Probability Distributions and their Stories

Given any module that deals with statistics, one basic skill you must have is to be able to program and create plots of probability distributions typically encountered in the field of data science. This tutorial should remind you of various distributions introduced in this section, but now they are phrased using the scipy.stats module.

Continuous distributions

Cauchy distribution

  • Story. The intercept on the x-axis of a beam of light coming from the point (μ,σ) is Cauchy distributed. This story is popular in physics (and is one of the first examples of Bayesian inference in Sivia's book), but is not particularly useful. You can think of it as a peaked distribution with enormously heavy tails.
  • Parameters.
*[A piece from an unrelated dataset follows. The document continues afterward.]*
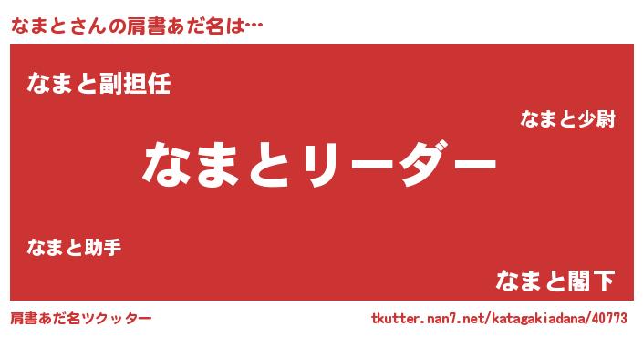 | 意味不明あだ名 | 『とにかく怪しいなまと』『自称なまと』 |
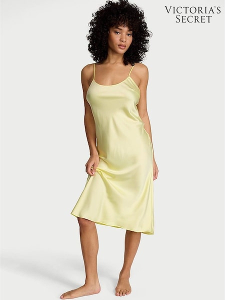 Victoria's Secret Lemonade Yellow Satin Midi Slip Dress

The Cauchy distribution is peaked, and its peak is located at μ. The peak's width is dictated by parameter σ.
  • Support. The Cauchy distribution is supported on the set of real numbers.
  • Probability density function.

    \begin{align}f(y;\mu, \sigma) = \frac{1}{\pi \sigma}\,\frac{1}{1 + (y-\mu)^2/\sigma^2}\end{align}

  • Usage

    Package Syntax
    NumPy mu + sigma * np.random.standard_cauchy()
    SciPy scipy.stats.cauchy(mu, sigma)
    Stan cauchy(mu, sigma)

  • Related distributions.
  • The Cauchy distribution is a special case of the Student-t distribution in which the degrees of freedom ν = 1.
  • The numpy.random module only has the Standard Cauchy distribution (μ=0 and σ=1), but you can draw out of a Cauchy distribution using the transformation shown in the NumPy usage above.
params = [dict(name='µ', start=-0.5, end=0.5, value=0, step=0.01),
          dict(name='σ', start=0.1, end=1.0, value=0.2, step=0.01)]
app = distribution_plot_app(x_min=-2,
                            x_max=2,
                            scipy_dist=st.cauchy,
                            params=params,  
                            x_axis_label='y',
                            title='Cauchy')
bokeh.io.show(app, notebook_url=notebook_url)